The National Centre for Infectious Diseases (NCID) Singapore is currently evaluating non-invasive patient specimens collected with the SAFER-Sample reagent, and Lucence is working with the Ministry of Health (MOH) Singapore for broader performance evaluation. The SAFER-Sample kit has been registered with the Health Sciences Authority (HSA) as a Class A medical device. 

THE LARGER TREND

Singapore has been hard at work in terms of developing rapid test kits to detect COVID-19, with examples such as the Veredus Laboratories’ VereCoV detection kit and an ongoing development of a rapid test kit by iHealthtech researchers. Other measures to contain the spread of the COVID-19 in Singapore include the use of iThermo, an AI-powered temperature screening solution that identifies those who displays signs of fever, as well as the recent TraceTogether contact tracing app which was developed by MOH and GovTech. 

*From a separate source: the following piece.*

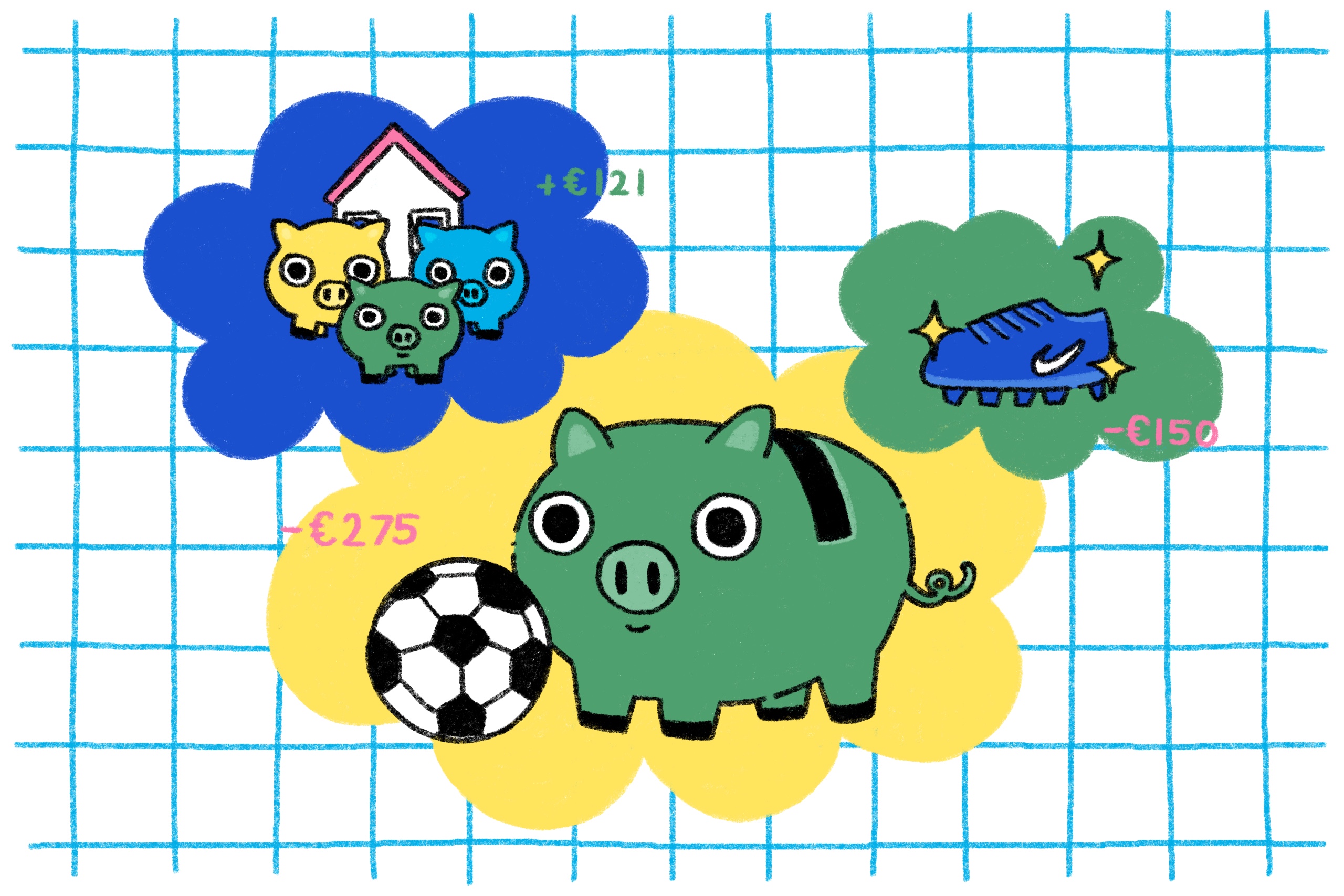 Omdat Max nog thuis woont, heeft hij nauwelijks vaste lasten en worden kosten zoals boodschappen voor hem betaald. Zijn geld geeft hij het liefst uit aan zijn grote passie, voetbal. “Afgelopen maand heb ik dure voetbalschoenen gekocht voor 130 euro en heb ik ook de contributie voor mijn club betaald. Daarnaast heb ik een abonnement op een app waarin ik mijn voetbalanalyses kan bijhouden. Verder geef ik bijna niets uit. Ik ga zelden uit eten of iets drinken buiten de deur. Afspreken met vrienden kost niets, en ik zie ze eigenlijk vooral online omdat de meesten in het buitenland studeren.”

Last November, Lucence, which is Singapore-headquartered, raised $20 million in Series A funding led by IHH Healthcare, one of the world’s largest integrated private healthcare groups, MobiHealthNews reported

ON THE RECORD

“We are very glad that our technology, used to reduce suffering of cancer patients, can contribute to accurate testing solutions during this global crisis. In line with our mission of using molecular technology to improve health worldwide, we are making up to 10,000 kits available at no cost to the scientific community,” said Dr. Tan Min-Han, Founding CEO of Lucence and Adjunct Clinician-Scientist at the Institute of Bioengineering and Nanotechnology (IBN) of A*STAR said in a statement.